A research team got the first peek of the real-time motion of electrons in liquid water while the rest of the world stood still.
In an experiment akin to stop-motion photography, scientists have isolated the energetic movement of an electron while “freezing” the motion of the much larger atom it orbits in a sample of liquid water.
The findings, reported Feb. 15 in the journal Science, provide a new window into the electronic structure of molecules in the liquid phase on the timescale previously unattainable with X-rays. The new technique reveals the immediate electronic response when a target is hit with an X-ray, an important step in understanding the effects of radiation exposure on objects and people.

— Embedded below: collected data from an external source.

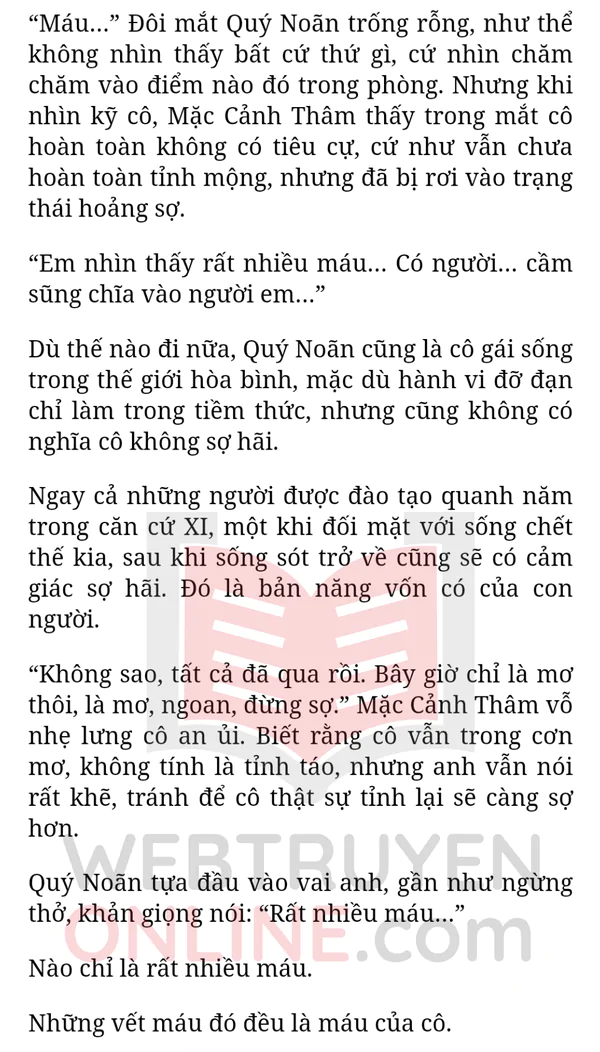 Tình trạng như thế kéo dài suốt ba đêm thì Quý Noãn mới từ từ thoát khỏi những cơn ác mộng. Lúc ngủ cô sẽ không bất chợt thức giấc bởi những cơn ác mộng kia nữa. Có lẽ mỗi lần mơ thấy chuyện đáng sợ thì bên tại lại văng vẳng giọng nói trấn an của Mặc Cảnh Thâm, thế nên cô quen thói càng ngày càng ỷ vào anh.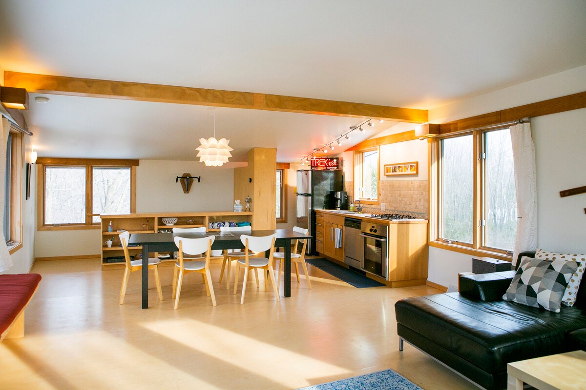 "Forbes" in məlumatına görə, Escape "dünyanın ən gözəl evciyi" hazırlayır. Bizimki Qara çayın üstündəki evimizin yaxınlığında yerləşir. Bura dövlətlərarası, parklar, cığırlar və kafelər, mağazalar və əla restoranları olan canlı şəhər mərkəzindən cəmi bir neçə dəqiqəlik məsafədə sakit məhəllədir. Böyük pəncərələrdən və ya eyvanda rahat günbəzdən məxfilik və valehedici mənzərələrdən zövq alın! Maral, qunduz, qartal və daha çox mövsümlər boyanmış çay mənzərələri və heyranedici gün batımları dəyişdikcə tez-tez gəlir gətirir. * Ev heyvanları yoxdur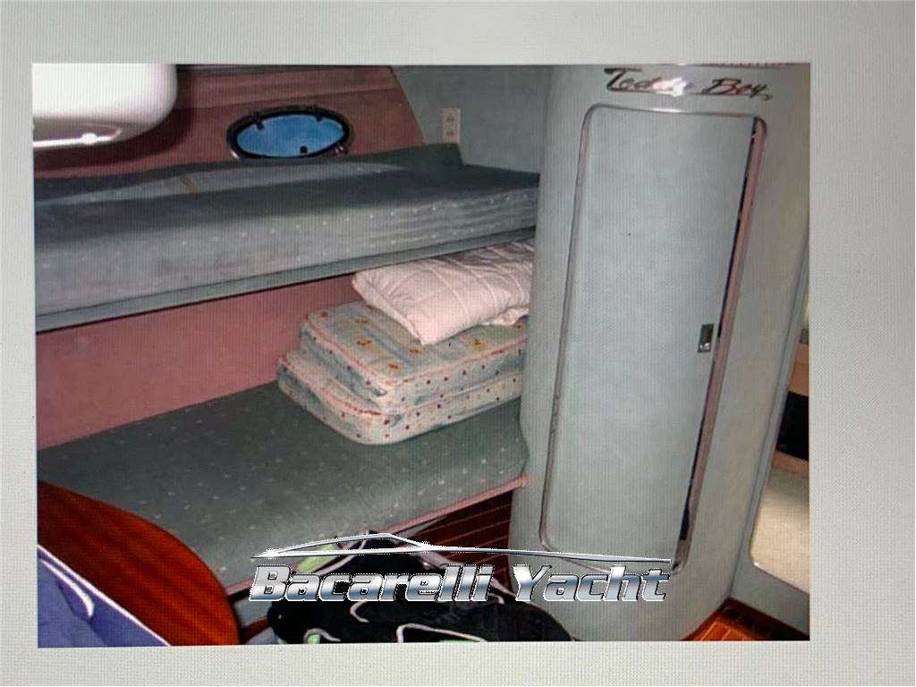 Notas internasAmpia dinette, cucina, una cabina matrimoniale, una cabina doppia con letti a castello, 1 bagno. Notas de la instrumentaciónBussolaEcoscandaglio Pilota automatico Plotter Radio VHF Notas de armamentoCuscineria completaFrigorifero interno Rollbar Tendalino Impianto TV Stereo Allarme sentina Doccia esterna Passerella idraulica Salpa ancore elettrico Pompa di sentina elettrico /manuale. |

“The chemical reactions induced by radiation that we want to study are the result of the electronic response of the target that happens on the attosecond timescale,” said Linda Young, a senior author of the research who is a professor of physics at the University of Chicago and a Distinguished Fellow at Argonne National Laboratory.
“Until now radiation chemists could only resolve events at the picosecond timescale, a million times slower than an attosecond,” she said. “It’s kind of like saying ‘I was born and then I died.’ You’d like to know what happens in between. That’s what we are now able to do.”
From the Nobel Prize to the field
Subatomic particles move so fast that capturing their actions requires a probe capable of measuring time in attoseconds—a timeframe so small that there are more attoseconds in a second than there have been seconds in the history of the universe.